* Work task
If a record contains a picture, leave the picture out and copy everything else exactly.

___

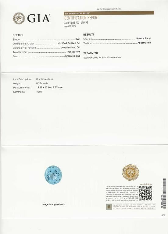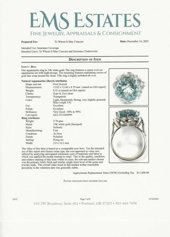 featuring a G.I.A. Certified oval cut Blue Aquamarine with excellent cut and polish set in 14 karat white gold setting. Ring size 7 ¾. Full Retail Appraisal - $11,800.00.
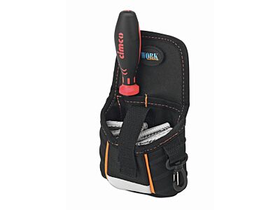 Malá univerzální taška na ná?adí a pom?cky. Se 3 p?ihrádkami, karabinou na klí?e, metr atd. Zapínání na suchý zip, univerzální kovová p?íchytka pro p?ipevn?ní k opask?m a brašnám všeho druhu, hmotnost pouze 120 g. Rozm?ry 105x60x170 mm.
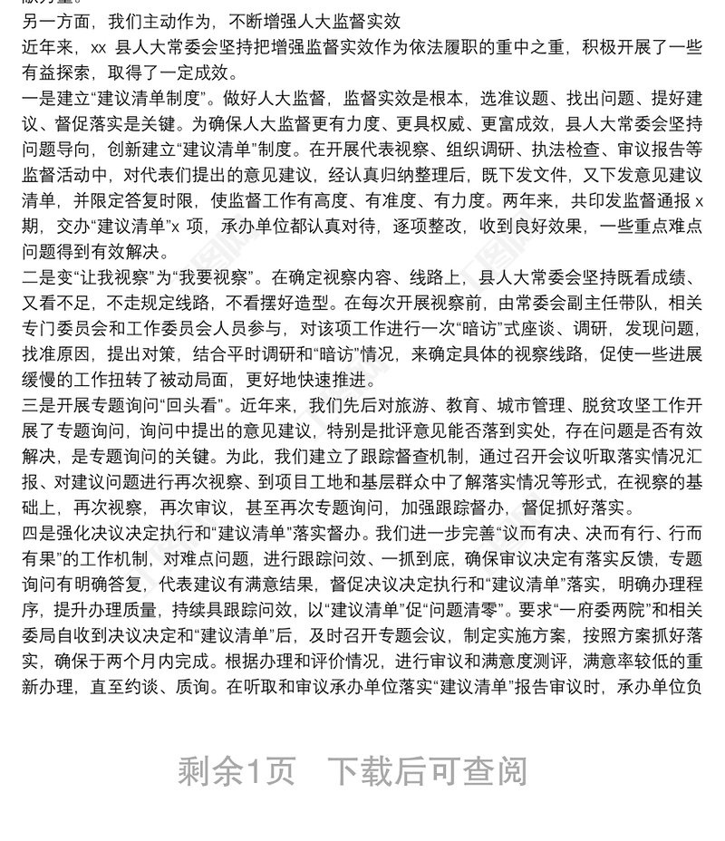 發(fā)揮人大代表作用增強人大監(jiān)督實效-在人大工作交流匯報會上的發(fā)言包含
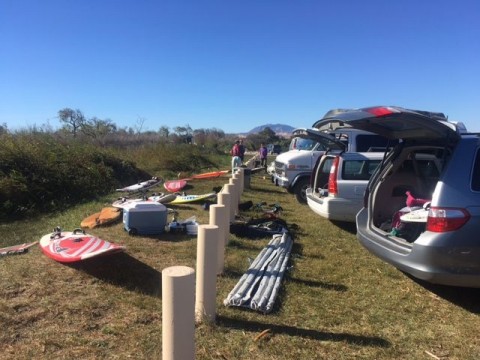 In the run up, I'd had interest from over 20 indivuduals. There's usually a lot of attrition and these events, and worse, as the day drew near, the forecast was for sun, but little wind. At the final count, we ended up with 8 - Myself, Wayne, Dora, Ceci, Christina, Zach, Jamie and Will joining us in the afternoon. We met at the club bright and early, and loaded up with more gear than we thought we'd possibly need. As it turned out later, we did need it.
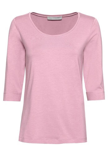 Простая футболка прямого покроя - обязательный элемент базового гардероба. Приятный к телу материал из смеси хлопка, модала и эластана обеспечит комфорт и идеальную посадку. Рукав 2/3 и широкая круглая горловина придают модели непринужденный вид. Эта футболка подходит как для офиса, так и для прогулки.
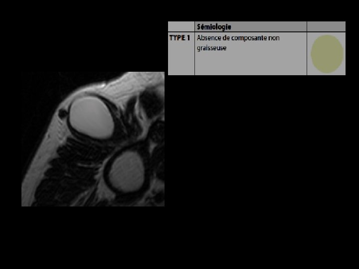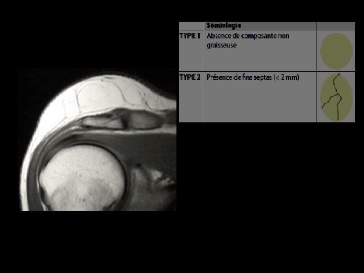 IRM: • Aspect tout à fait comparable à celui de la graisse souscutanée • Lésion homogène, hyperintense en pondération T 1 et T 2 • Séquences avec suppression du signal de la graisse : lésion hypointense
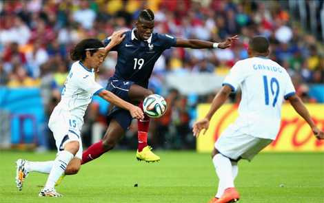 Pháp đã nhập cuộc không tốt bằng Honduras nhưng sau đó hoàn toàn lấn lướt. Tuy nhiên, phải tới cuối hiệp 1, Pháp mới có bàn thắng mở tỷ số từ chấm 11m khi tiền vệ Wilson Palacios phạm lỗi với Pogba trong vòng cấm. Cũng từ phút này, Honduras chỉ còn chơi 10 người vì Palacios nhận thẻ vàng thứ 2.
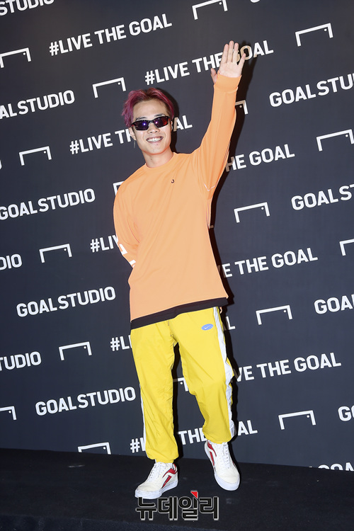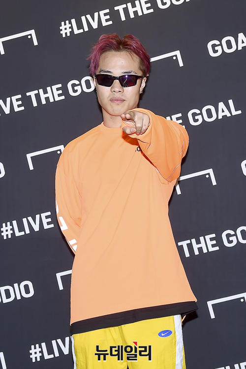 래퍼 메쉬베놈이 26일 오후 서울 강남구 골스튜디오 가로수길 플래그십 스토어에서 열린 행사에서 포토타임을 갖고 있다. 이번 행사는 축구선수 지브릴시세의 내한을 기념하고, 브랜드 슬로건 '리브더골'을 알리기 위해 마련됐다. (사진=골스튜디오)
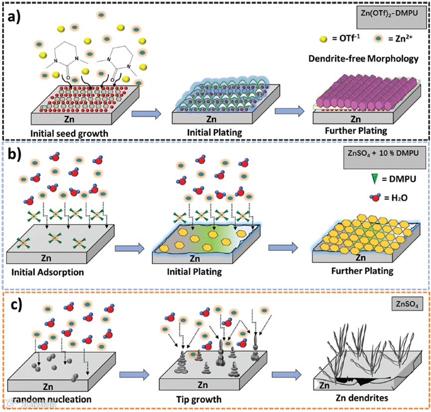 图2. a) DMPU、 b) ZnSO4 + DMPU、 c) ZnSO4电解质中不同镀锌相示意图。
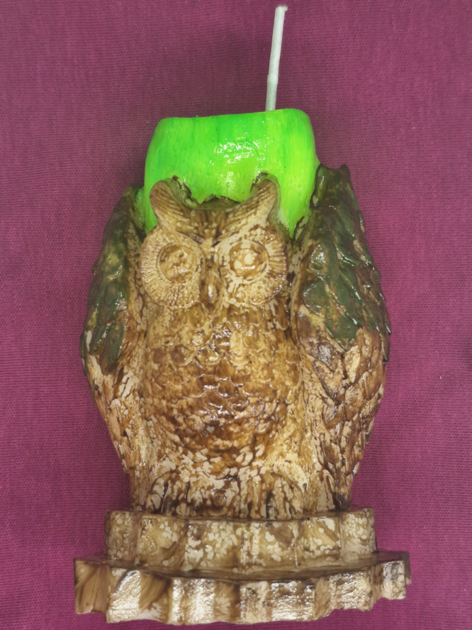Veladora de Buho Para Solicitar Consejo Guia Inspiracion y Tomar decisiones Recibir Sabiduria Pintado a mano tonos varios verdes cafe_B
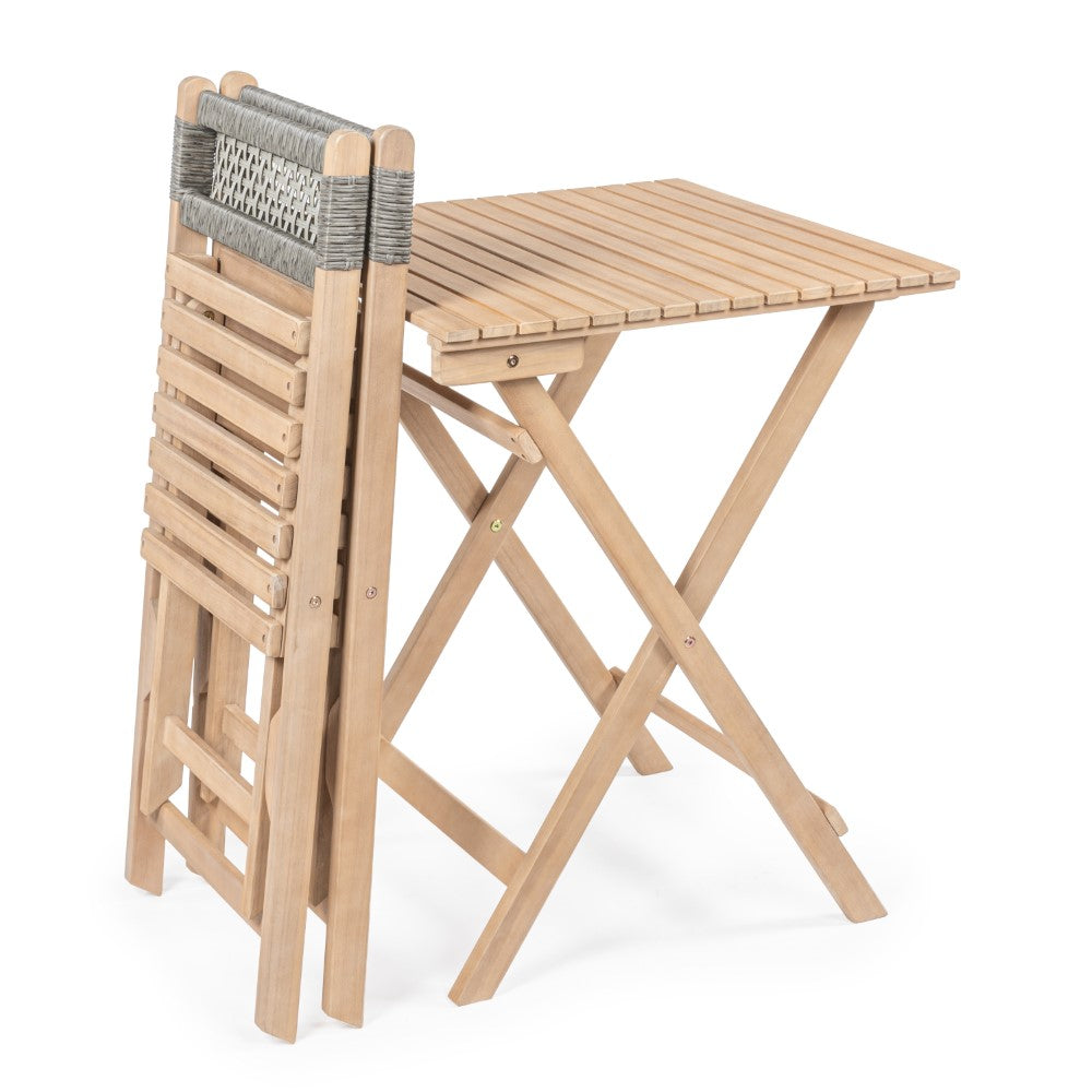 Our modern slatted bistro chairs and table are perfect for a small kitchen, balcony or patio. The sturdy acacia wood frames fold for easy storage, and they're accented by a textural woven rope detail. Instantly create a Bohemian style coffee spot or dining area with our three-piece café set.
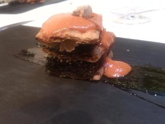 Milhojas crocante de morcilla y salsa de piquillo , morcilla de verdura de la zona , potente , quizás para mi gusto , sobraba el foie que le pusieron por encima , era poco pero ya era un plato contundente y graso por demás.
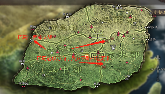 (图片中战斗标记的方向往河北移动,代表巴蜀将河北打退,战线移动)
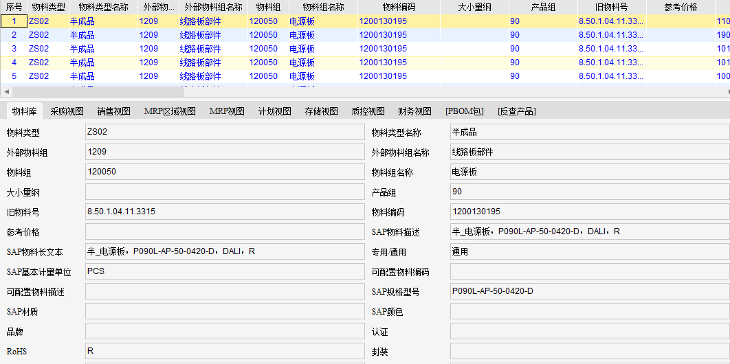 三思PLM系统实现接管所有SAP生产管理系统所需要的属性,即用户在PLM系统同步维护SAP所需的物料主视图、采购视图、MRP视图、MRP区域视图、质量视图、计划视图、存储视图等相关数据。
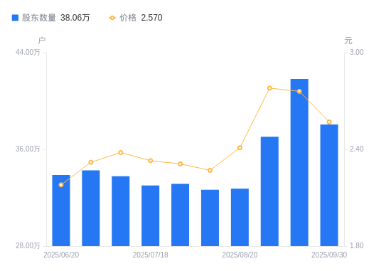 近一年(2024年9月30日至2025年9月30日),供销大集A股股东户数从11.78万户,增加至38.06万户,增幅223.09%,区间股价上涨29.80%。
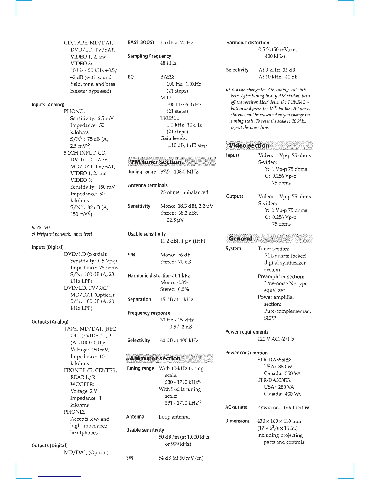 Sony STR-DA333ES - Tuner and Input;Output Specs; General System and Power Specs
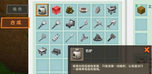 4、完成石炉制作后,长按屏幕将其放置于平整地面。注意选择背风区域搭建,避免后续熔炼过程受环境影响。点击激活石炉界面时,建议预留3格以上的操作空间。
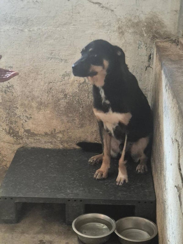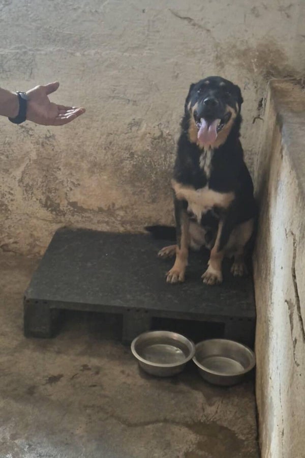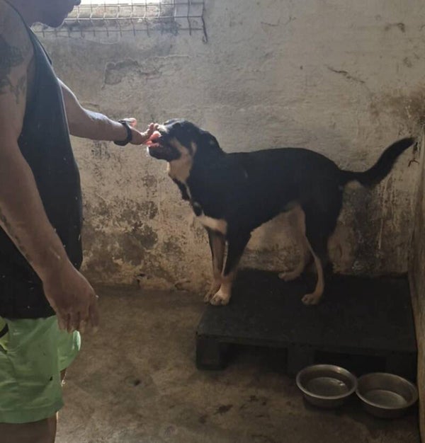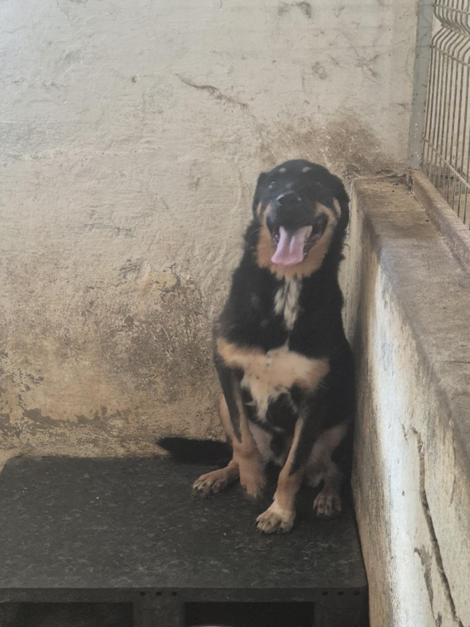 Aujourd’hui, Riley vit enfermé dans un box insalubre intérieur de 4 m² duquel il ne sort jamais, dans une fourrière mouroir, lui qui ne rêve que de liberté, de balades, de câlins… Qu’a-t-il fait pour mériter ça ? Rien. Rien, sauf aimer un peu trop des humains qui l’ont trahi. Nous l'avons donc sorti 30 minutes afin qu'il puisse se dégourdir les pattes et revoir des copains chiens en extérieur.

___

* Completed task
 featuring a G.I.A. Certified oval cut Blue Aquamarine with excellent cut and polish set in 14 karat white gold setting. Ring size 7 ¾. Full Retail Appraisal - $11,800.00.
 Malá univerzální taška na ná?adí a pom?cky. Se 3 p?ihrádkami, karabinou na klí?e, metr atd. Zapínání na suchý zip, univerzální kovová p?íchytka pro p?ipevn?ní k opask?m a brašnám všeho druhu, hmotnost pouze 120 g. Rozm?ry 105x60x170 mm.
 發(fā)揮人大代表作用增強人大監(jiān)督實效-在人大工作交流匯報會上的發(fā)言包含
 In the run up, I'd had interest from over 20 indivuduals. There's usually a lot of attrition and these events, and worse, as the day drew near, the forecast was for sun, but little wind. At the final count, we ended up with 8 - Myself, Wayne, Dora, Ceci, Christina, Zach, Jamie and Will joining us in the afternoon. We met at the club bright and early, and loaded up with more gear than we thought we'd possibly need. As it turned out later, we did need it.
 Простая футболка прямого покроя - обязательный элемент базового гардероба. Приятный к телу материал из смеси хлопка, модала и эластана обеспечит комфорт и идеальную посадку. Рукав 2/3 и широкая круглая горловина придают модели непринужденный вид. Эта футболка подходит как для офиса, так и для прогулки.
 IRM: • Aspect tout à fait comparable à celui de la graisse souscutanée • Lésion homogène, hyperintense en pondération T 1 et T 2 • Séquences avec suppression du signal de la graisse : lésion hypointense
 Pháp đã nhập cuộc không tốt bằng Honduras nhưng sau đó hoàn toàn lấn lướt. Tuy nhiên, phải tới cuối hiệp 1, Pháp mới có bàn thắng mở tỷ số từ chấm 11m khi tiền vệ Wilson Palacios phạm lỗi với Pogba trong vòng cấm. Cũng từ phút này, Honduras chỉ còn chơi 10 người vì Palacios nhận thẻ vàng thứ 2.
 래퍼 메쉬베놈이 26일 오후 서울 강남구 골스튜디오 가로수길 플래그십 스토어에서 열린 행사에서 포토타임을 갖고 있다. 이번 행사는 축구선수 지브릴시세의 내한을 기념하고, 브랜드 슬로건 '리브더골'을 알리기 위해 마련됐다. (사진=골스튜디오)
 图2. a) DMPU、 b) ZnSO4 + DMPU、 c) ZnSO4电解质中不同镀锌相示意图。
Veladora de Buho Para Solicitar Consejo Guia Inspiracion y Tomar decisiones Recibir Sabiduria Pintado a mano tonos varios verdes cafe_B
 Our modern slatted bistro chairs and table are perfect for a small kitchen, balcony or patio. The sturdy acacia wood frames fold for easy storage, and they're accented by a textural woven rope detail. Instantly create a Bohemian style coffee spot or dining area with our three-piece café set.
 Milhojas crocante de morcilla y salsa de piquillo , morcilla de verdura de la zona , potente , quizás para mi gusto , sobraba el foie que le pusieron por encima , era poco pero ya era un plato contundente y graso por demás.
 (图片中战斗标记的方向往河北移动,代表巴蜀将河北打退,战线移动)
 三思PLM系统实现接管所有SAP生产管理系统所需要的属性,即用户在PLM系统同步维护SAP所需的物料主视图、采购视图、MRP视图、MRP区域视图、质量视图、计划视图、存储视图等相关数据。
 近一年(2024年9月30日至2025年9月30日),供销大集A股股东户数从11.78万户,增加至38.06万户,增幅223.09%,区间股价上涨29.80%。
 Sony STR-DA333ES - Tuner and Input;Output Specs; General System and Power Specs
 4、完成石炉制作后,长按屏幕将其放置于平整地面。注意选择背风区域搭建,避免后续熔炼过程受环境影响。点击激活石炉界面时,建议预留3格以上的操作空间。
 Aujourd’hui, Riley vit enfermé dans un box insalubre intérieur de 4 m² duquel il ne sort jamais, dans une fourrière mouroir, lui qui ne rêve que de liberté, de balades, de câlins… Qu’a-t-il fait pour mériter ça ? Rien. Rien, sauf aimer un peu trop des humains qui l’ont trahi. Nous l'avons donc sorti 30 minutes afin qu'il puisse se dégourdir les pattes et revoir des copains chiens en extérieur.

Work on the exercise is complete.